It's before 7 AM, and my nerves are totally frayed. My father is home from the nursing home for a short vacation. He only comes home when I am here to help out; my mother cannot physically move him or transfer him by herself. So my mere walk through the door signals a small dose of freedom for him. This breaks my heart and swells it all in a series of small, but painful explosions. I am my father's 4th of July, but I have swallowed all the firecrackers. I don't know that I've ever been anyone's freedom before. It's a heavy responsibility.

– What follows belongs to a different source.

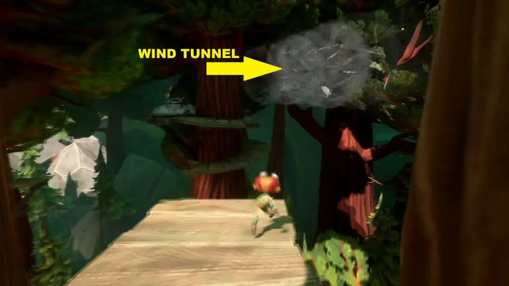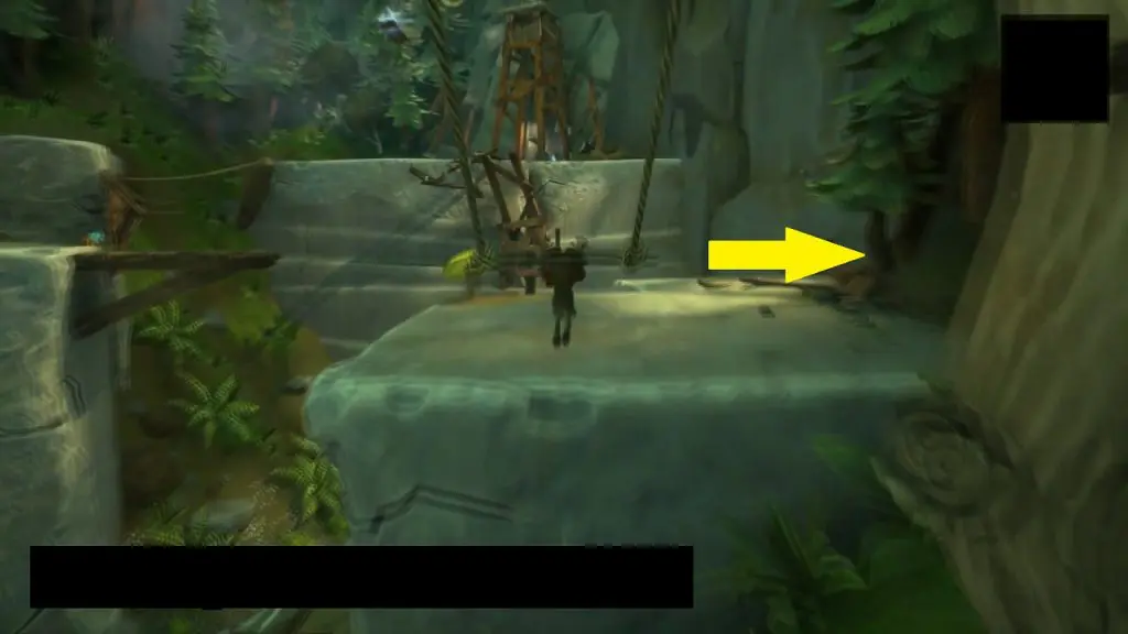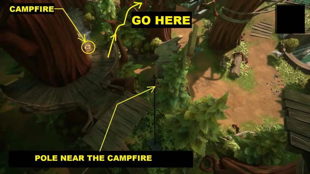 This one is in the Questionable area. Go to the campfire in the Forgetful forest. In this region, you will find a pole leading to a platform on the tree as shown in the picture below. Climb the pole and then jump to the platform. On one side of the platform, use the branches to jump to the platform on the other side as shown in the picture below.

The first day of the visit is always great. My father sleeps peacefully in his chair. We play dominos. I feed him fried eggs and Little Debbie snacks and Coca-Cola -- all the things that I know he loves and assume he never gets at the home. We laugh. They tell me jokes and gossip about the other residents. Although my mother does not live there, she is there so often that it seems so. It is peaceful, and I let myself believe that things are fine.
But the second day is different. I sleep fitfully on the couch, hearing the restlessness of both my parents asleep in their chairs. I think that this must be what it's like to be a new mom, constantly listening for the absolute worst to happen just as you close your eyes. My father had severe bedsores several years ago from being stuck in that chair. Even now, he fears their return. I am constantly asked to check for their rotting return.
His discomfort makes my mom uncomfortable. Her guilt is masked by frustration. My father doesn't see this; he can only see the frustration and that makes him feel scolded. I used to think this too. It takes a lot to see through the mask. I only understood when I let myself feel that guilt as well. Her sadness lives in her inability to fix the situation, to heal my dad. Her guilt lives in her desire for everything to just be fine. But nothing will ever be fine again. It's a narrow line between what we wish for and what we have -- just a little dopamine is all that separates the two.
She worries at him, filling the silence with questions of what she can do, how we can help. She asks no less than 10 times if he's comfortable. Then another 5 if he's really being honest about how he feels. She pokes at the situation like a kid picks at a scab; the picking and poking will only make it worse, but there is nothing else to do. No other avenue for release. I am jealous. I say nothing because I am afraid if I pull at the scab, I will bleed out.
I am the foil to my mother's frustration and impatience. I answer in placating tones and passive obedience. I feel so false; she feels so true. We both want to be the other but we aren't. We can't be.
So we push and pull and rearrange until my dad finds peace for a few moments. We go silent in the early morning hours to try to allow him to rest, to allow us all to rest.
Typically, these are the moments I get up, do the dishes, scrub the stove -- anything to re-focus my itchy fingers, searching out release. Instead, I settle on the couch, swallow my guilt, and wait.